[Data excerpt]

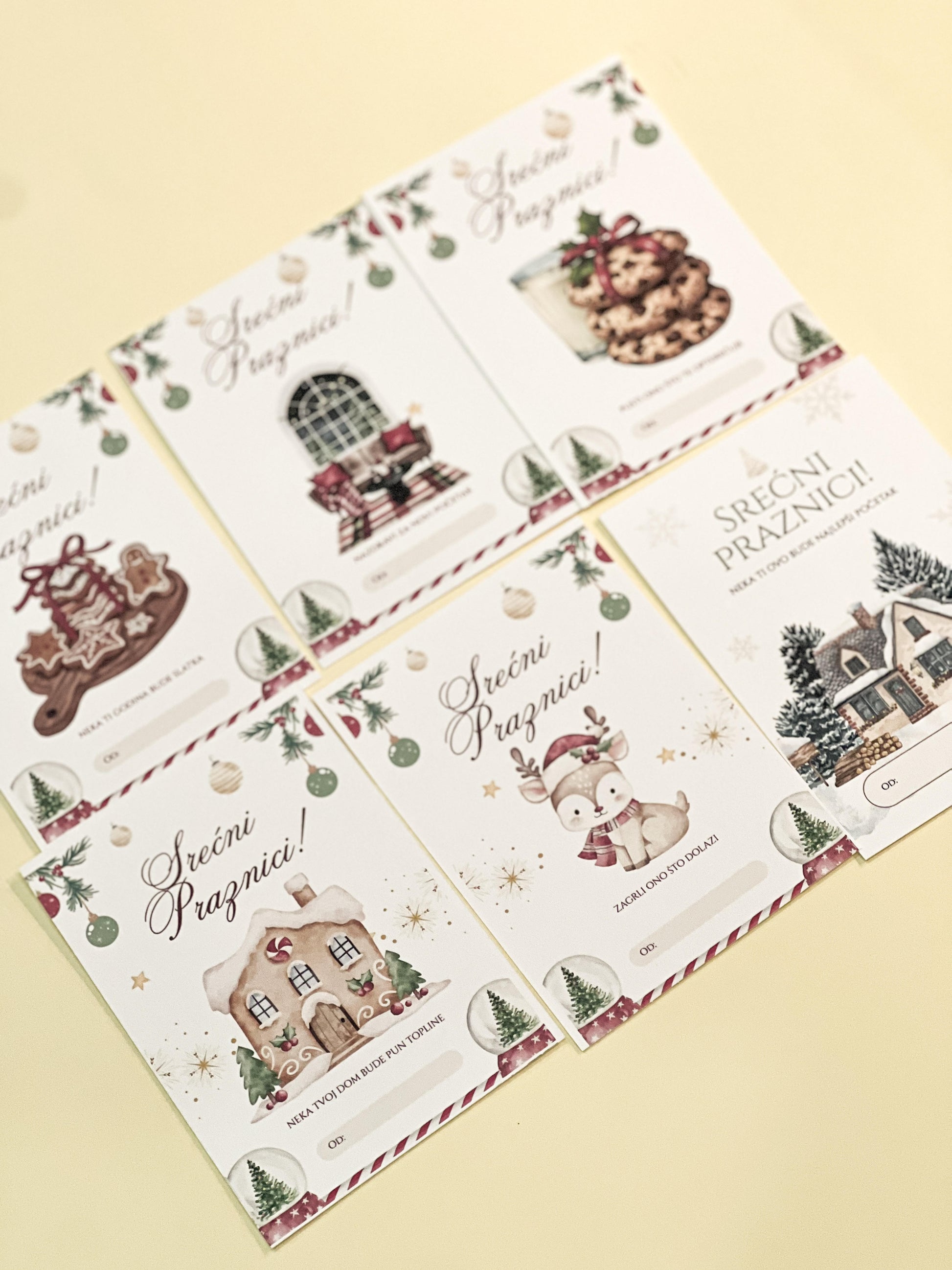 Novogodišnji set čestitki sa prelepim akvarel ilustracijama koje svaki poklon čine posebnim. U pakovanju se nalazi 6 komada.
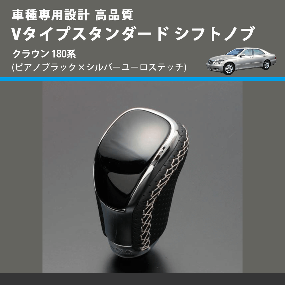 (ピアノブラック×シルバーユーロステッチ) Vタイプスタンダード シフトノブ クラウン 180系 FEGGARI STV126ESI-024
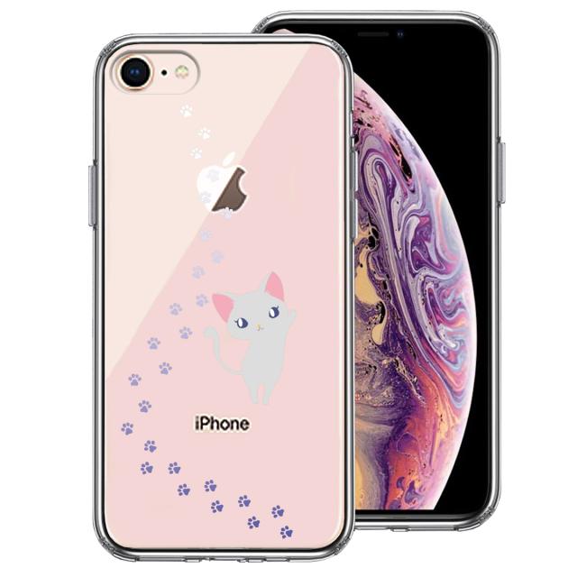 iPhone7 iPhone8 ケース クリア ジャケット ねこ フットプリント スマホケース 側面ソフト 背面ハード ハイブリッド 送料無料
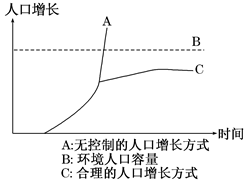 本题解析:本题考查环境人口容量与人口增长。合理的人口增长应该小于环境人口容量。无控制的人口增长会使人口数量超过环境人口容量,合理的人口容量一定要控制在环境人口容量以内。所以本题选择C选项。

[/Data excerpt]

● Aim of the task:
Output the material above exactly, without pictures.

● Result:
 Novogodišnji set čestitki sa prelepim akvarel ilustracijama koje svaki poklon čine posebnim. U pakovanju se nalazi 6 komada.
 (ピアノブラック×シルバーユーロステッチ) Vタイプスタンダード シフトノブ クラウン 180系 FEGGARI STV126ESI-024
 iPhone7 iPhone8 ケース クリア ジャケット ねこ フットプリント スマホケース 側面ソフト 背面ハード ハイブリッド 送料無料
 本题解析:本题考查环境人口容量与人口增长。合理的人口增长应该小于环境人口容量。无控制的人口增长会使人口数量超过环境人口容量,合理的人口容量一定要控制在环境人口容量以内。所以本题选择C选项。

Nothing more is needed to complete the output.